The Nordic people are also used to serious communication on sustainability and responsibility matters. We sort our garbage at home since a long time, we use energy efficient heating solutions, we are used to taking a diverse environment in to account, and we are used to a life where the balance between work and family is good; at least we have the option to choose so. Norway has close to 50% of new cars sold being electric, a level seen nowhere else in the world.

As this is a topic for all layers and dimensions in the society, there is no wonder the Nordic press is interested in this. It is considered a serious problem if your fund or company ends up on the first page of a newspaper with headlines indicating that you are not respecting ESG criteria when expected to do so.

Where did this lead the Nordic ESG compared to other countries and regions?

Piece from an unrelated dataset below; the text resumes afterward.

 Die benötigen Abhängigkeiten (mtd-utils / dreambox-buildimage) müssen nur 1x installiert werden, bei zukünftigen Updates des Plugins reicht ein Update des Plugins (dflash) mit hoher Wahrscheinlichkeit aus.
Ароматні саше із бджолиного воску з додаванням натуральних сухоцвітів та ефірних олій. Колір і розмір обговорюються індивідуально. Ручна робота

As an example of how the Nordic countries rank globally in ESG, ISS published a report recently called “ISS ESG Country Report 2019”. The rankings are based on 100 quantitative and qualitative criteria. From the report:

The Best -Performing Countries
As in previous years, Scandinavian countries are at the top of the ranking this year. For the first time, a non-Scandinavian country – Switzerland – is amongst the three most highly rated countries. Switzerland’s rating is the result of good performance in governance and fundamental freedoms in combination with a solid performance across most other important rating topics, such as labor rights, climate policy, and agricultural and industrial production. Sweden and Finland score particularly high on education, healthcare, and social security infrastructures. As countries with a high proportion of renewable energy sources and a relatively strong climate performance, Sweden, Norway, Finland, and Iceland score well in the rating area of “Climate Change and Energy.”

Insight 2019 08- Nordic SRI - Table ISS

How did the Nordic sustainable and responsible investing develop?

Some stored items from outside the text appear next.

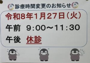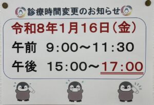 耳鼻咽喉科診療時間変更のお知らせ 16日(金) 27日(火)ご確認ください。
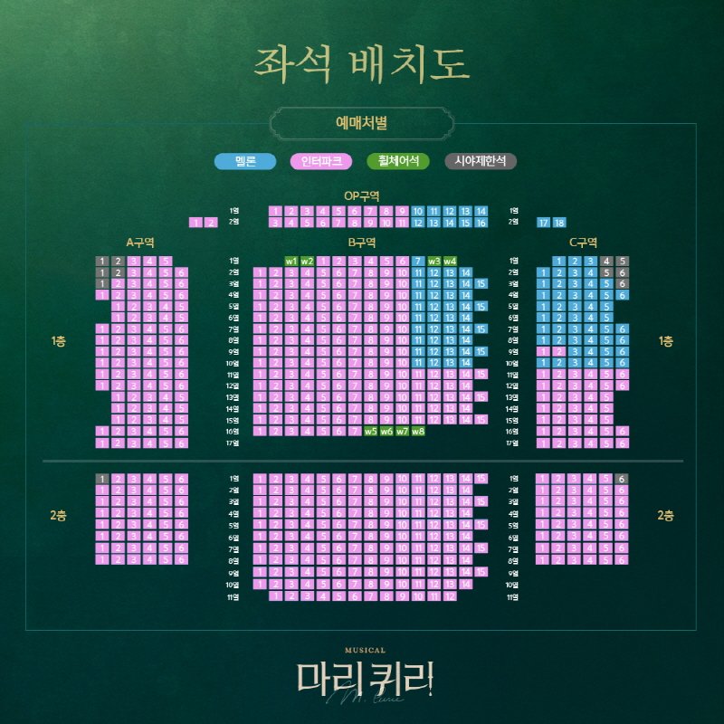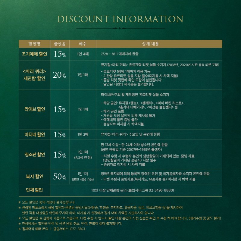 할인을 보면 조기예매 할인과 1차 때 티켓을 잡아 공연을 보고 또 볼 사람들이 쓸 수 있는 재관람 할인이 있다. 마티네는 수요일 낮 공연에 적용이 되고, 위의 표를 보고 본인에게 맞는 할인을 골라 예매를 하면 될 것 같다. 재관람 할인이 아예 없는 쇼노트 보다는 나아 보이지만, 좌석 배치도를 봤을 때 1층 전체를 R석으로 그것도 99,000원으로 가지고 온 걸 보면 거기서 거기 인 것 같다.
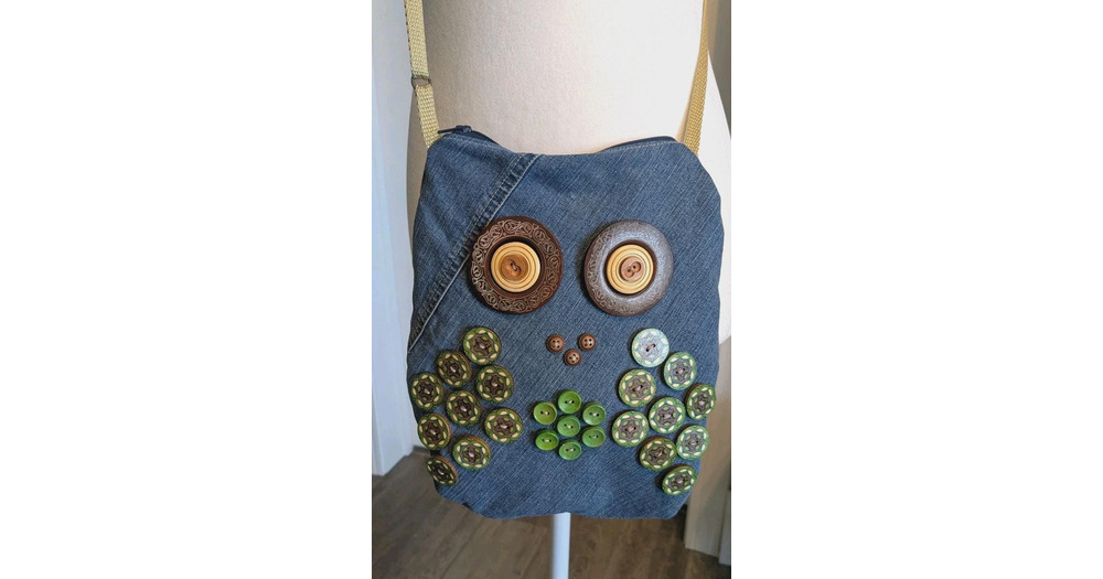 Vintage Owl Denim Purse with Button Embellishments – Handmade in USA
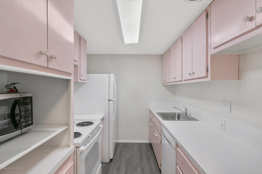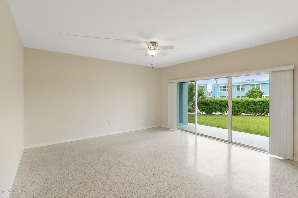 Whats not to love about this beautiful poolside 1 bedroom 1 bath condo. Very clean and Light and bright! Walk across the street to the beach! Hear the waves from your large porch. Full kitchen. Beautiful terrazzo floors. First floor unit, over looks pool, shuffleboard, community room and green space. Close to Space Force Base, shopping and restaurants. Pet free Community.
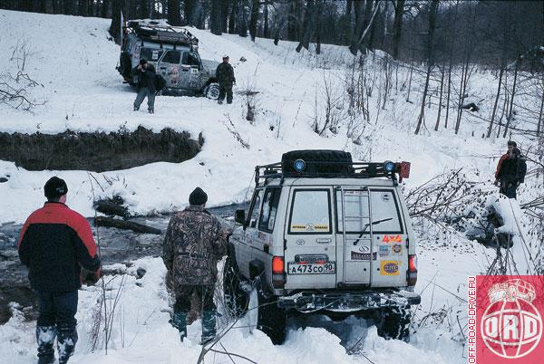 Первой на хрупкий лед спустилась по крутому берегу Toyota под стартовым номером 213. В мгновение ока ледяной панцирь оказался взломан, чистая речная вода окрасилась мутными потоками, а прибрежный снег стал наконец соответствовать названию мероприятия. С проездом по руслу особых проблем у «первопроходца» не возникло, а вот выбраться на сушу получилось не сразу – мокрые колеса категорически не хотели цепляться за укатанный снег. Но в конце концов упорство пилота увенчалось успехом, и с пятой попытки машина без лебедки выехала к заветному компостеру. Кстати, несмотря на то, что переправиться через речной рукав можно было в нескольких местах, по не вполне понятной причине большинство машин (за исключением выступавшего вне зачета экипажа прототипа на базе Jeep Cherokee) пошло на штурм именно вышеописанным путем. При этом они также старались по возможности обойтись без помощи лебедки. Вышло не у всех…
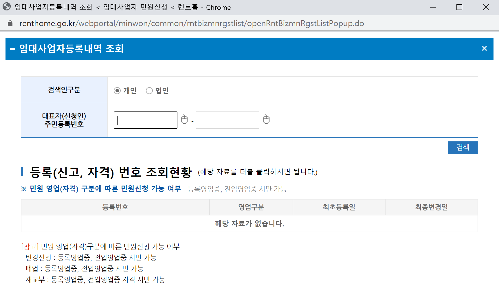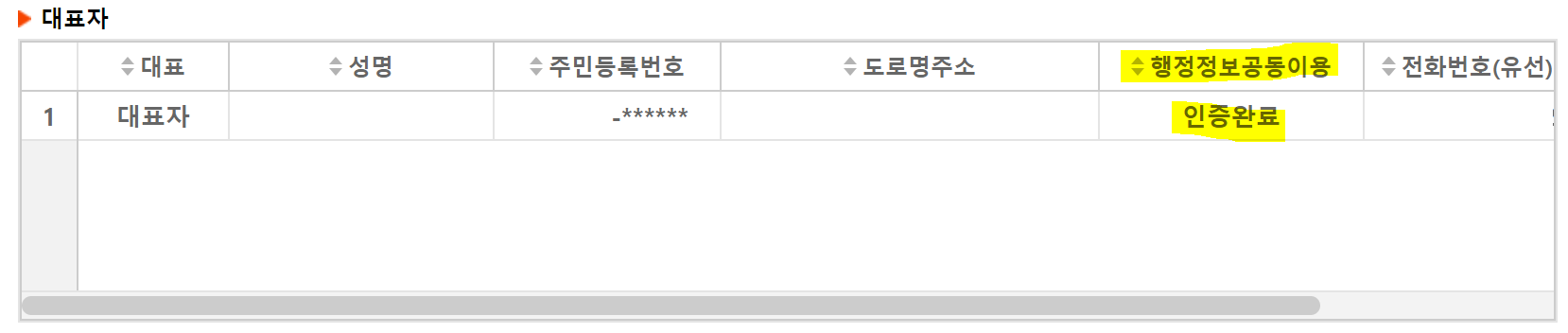 본인의 임대사업자 등록내역을 확인 후 대표자 칸의 행정정보공동이용에 공인인증서 인증을 완료합니다.

Alongside the development throughout the society, the investment community also picked this up very early, partly because it was a strong trend, but also because some clients started to require this plus the fact that the people working in the industry had a positive attitude towards this new direction.

It is interesting to see how Nordic portfolio managers individually since quite some time have considered ESG factors when discussing with companies and making investment decisions without making a big fuss out of it. With other words, many Nordic portfolio managers have considered for a long time ESG factors as any financial factor and have seen no need to separate this out with a separate focus. As an example, in the Nordics, you can find funds that in reality are respecting some strong ESG labels, like for instance the Belgian Febelfin, without having any ESG, SRI or sustainability tag in the fund name. For instance at Alfred Berg (100% BNP Paribas AM) in Norway we have screened for a long time our funds in line with UNPRI on norm and also on sector, but none of our funds carry SRI, ESG or Sustainable in their names.

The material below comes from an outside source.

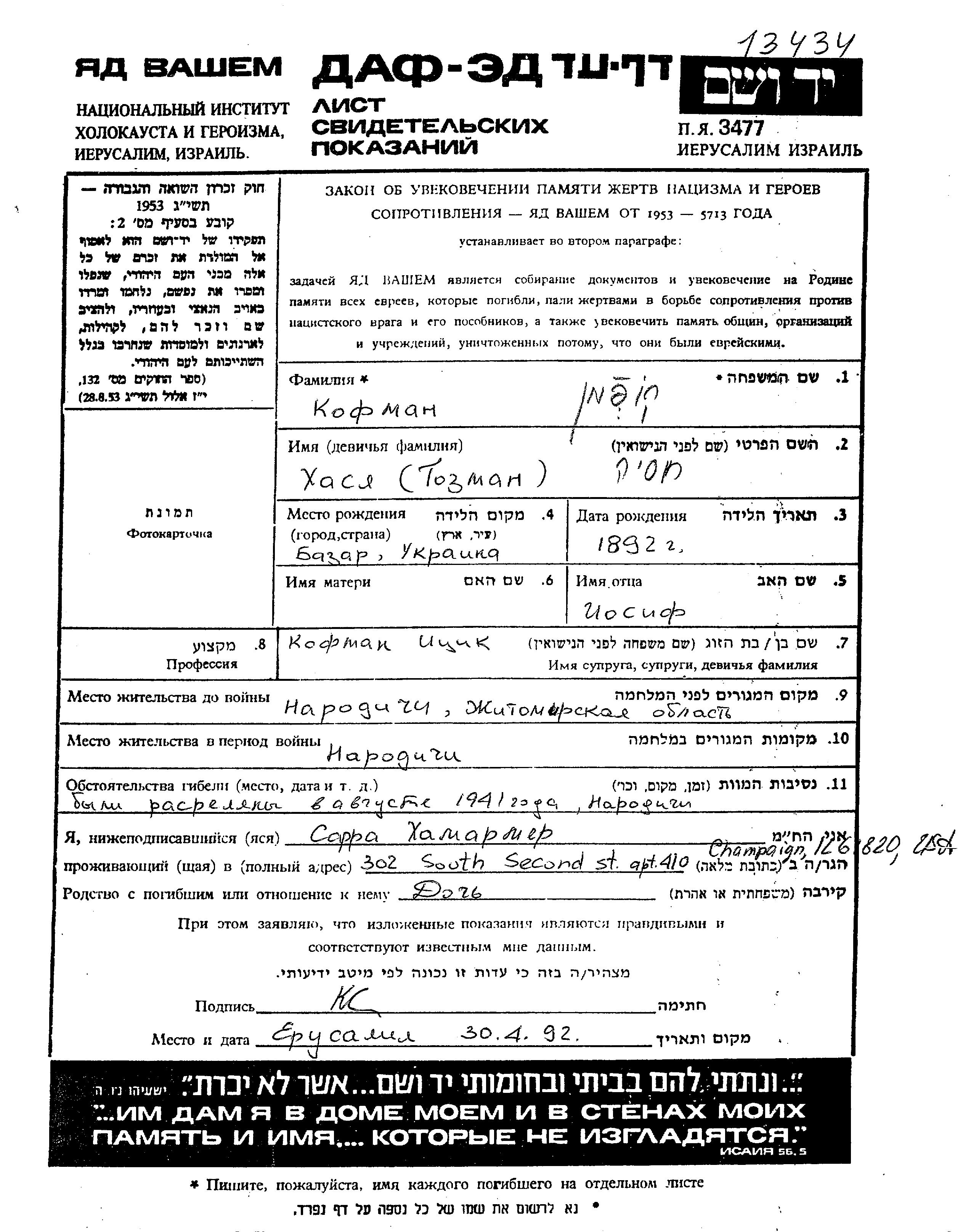 Кофман Хася 1892 Народичи, Украина (СССР) Лист свидетельских показаний

See more about our local way of doing it here: Alfred Berg sustainable and socially responsible investment. Our local SRI action is in addidition to the SRI methodology that all BNP Paribas AM’s entities have to comply to.

It should be said that the Nordic investment universe is very good for an investor as that ESG standard among companies already is very high and very transparent. This makes is much easier for an investor to analyse and understand. As an example, if we look at the approximately 65 Nordic companies present at the MSCI ACWI index, Sustainalytics categorize around two thirds as Leaders or Outperformers. This is within the “best in class group”, so a very strong standing.

The model that has developed in countries that have picked this up much later is very different; they have started separate teams doing the ESG work alongside the portfolio managers that are given the ESG research conclusions almost as external input. This is probably to be able to introduce the ESG aspect in a quicker and more demonstrative way to catch up, good for marketing.

We have seen though, as the bigger international investors build up larger explicit ESG research capacity, the trend is also coming to the Nordics. This seems to be the model going forward, either through internal teams or through buying external services.